Nissan Motor has announced a series of significant cost-cutting measures, including the elimination of 11,000 additional jobs and the closure of seven plants, as the Japanese automaker grapples with a challenging year marked by declining profitability and strategic setbacks.

The company, which has not yet provided forecasts for the current financial year, reported a sharp decline in operating profit for the previous year. Profit fell by 88% to 69.8 billion yen (£472 million) in the 12 months to March, a stark contrast to the previous year’s figures.

Nissan has been hit hard by weakening sales in the US and China, compounded by the collapse of merger talks with Honda and the recent replacement of its chief executive. 

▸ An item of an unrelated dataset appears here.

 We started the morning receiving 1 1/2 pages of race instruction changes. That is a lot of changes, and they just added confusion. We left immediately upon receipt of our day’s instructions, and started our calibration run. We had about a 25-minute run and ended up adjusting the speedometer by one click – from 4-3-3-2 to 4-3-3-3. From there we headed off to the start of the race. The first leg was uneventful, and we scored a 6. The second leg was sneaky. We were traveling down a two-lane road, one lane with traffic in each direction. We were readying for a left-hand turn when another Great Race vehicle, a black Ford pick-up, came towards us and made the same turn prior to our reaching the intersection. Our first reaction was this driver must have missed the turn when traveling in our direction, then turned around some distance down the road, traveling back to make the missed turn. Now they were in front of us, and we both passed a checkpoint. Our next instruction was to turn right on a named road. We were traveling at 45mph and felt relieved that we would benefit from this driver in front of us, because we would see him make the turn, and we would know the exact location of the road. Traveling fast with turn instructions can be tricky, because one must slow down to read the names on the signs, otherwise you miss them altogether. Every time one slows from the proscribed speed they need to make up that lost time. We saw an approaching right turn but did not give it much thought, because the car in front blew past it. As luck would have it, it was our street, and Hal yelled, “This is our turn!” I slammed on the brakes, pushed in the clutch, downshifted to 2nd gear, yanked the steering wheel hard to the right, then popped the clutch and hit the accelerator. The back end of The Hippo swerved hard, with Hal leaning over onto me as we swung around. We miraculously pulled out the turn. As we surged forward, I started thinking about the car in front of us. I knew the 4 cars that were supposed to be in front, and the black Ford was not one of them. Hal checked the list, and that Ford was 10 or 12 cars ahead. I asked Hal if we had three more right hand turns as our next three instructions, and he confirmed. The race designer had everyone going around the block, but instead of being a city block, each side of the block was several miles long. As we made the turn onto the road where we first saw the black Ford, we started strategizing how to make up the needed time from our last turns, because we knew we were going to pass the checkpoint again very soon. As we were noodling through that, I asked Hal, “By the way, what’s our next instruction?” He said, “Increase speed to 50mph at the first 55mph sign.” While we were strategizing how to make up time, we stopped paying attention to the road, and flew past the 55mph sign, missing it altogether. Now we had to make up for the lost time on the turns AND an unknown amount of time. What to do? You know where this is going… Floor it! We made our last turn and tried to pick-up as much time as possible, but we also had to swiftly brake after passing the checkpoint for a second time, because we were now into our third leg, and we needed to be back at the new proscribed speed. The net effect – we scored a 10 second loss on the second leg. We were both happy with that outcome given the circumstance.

In addition, the company, like its industry rivals, is facing pressure from US tariffs and increasing competition from rapidly growing Chinese electric vehicle (EV) manufacturers, particularly in Southeast Asia.

Newly appointed CEO Ivan Espinosa is aiming to achieve total cost savings of approximately 500 billion yen. However, he faces a considerable challenge in revitalising a company whose brand value has been significantly diminished.

Speaking at a press conference, Espinosa acknowledged the gravity of the situation: “Our full-year financial results are a wake-up call. The reality is very clear. Our variable costs are rising. Our fixed costs are higher than our current revenue can support.”

The latest round of job cuts will bring the total reduction in Nissan’s workforce to around 20,000 positions, following an earlier announcement of 9,000 job cuts. 

The company plans to reduce the number of production plants from 17 to 10 and cut parts complexity by 70%. However, it has not specified which plants will be affected.

Industry analysts suggest that Nissan’s troubles stem partly from the legacy of former Chairman Carlos Ghosn, whose focus on sales volume led to heavy discounting, leaving the company with an ageing product range that is now in urgent need of updating.

Despite the restructuring efforts, a rapid recovery appears unlikely. Chief Financial Officer Jeremie Papin indicated that Nissan expects to report a 200 billion yen operating loss in the first quarter.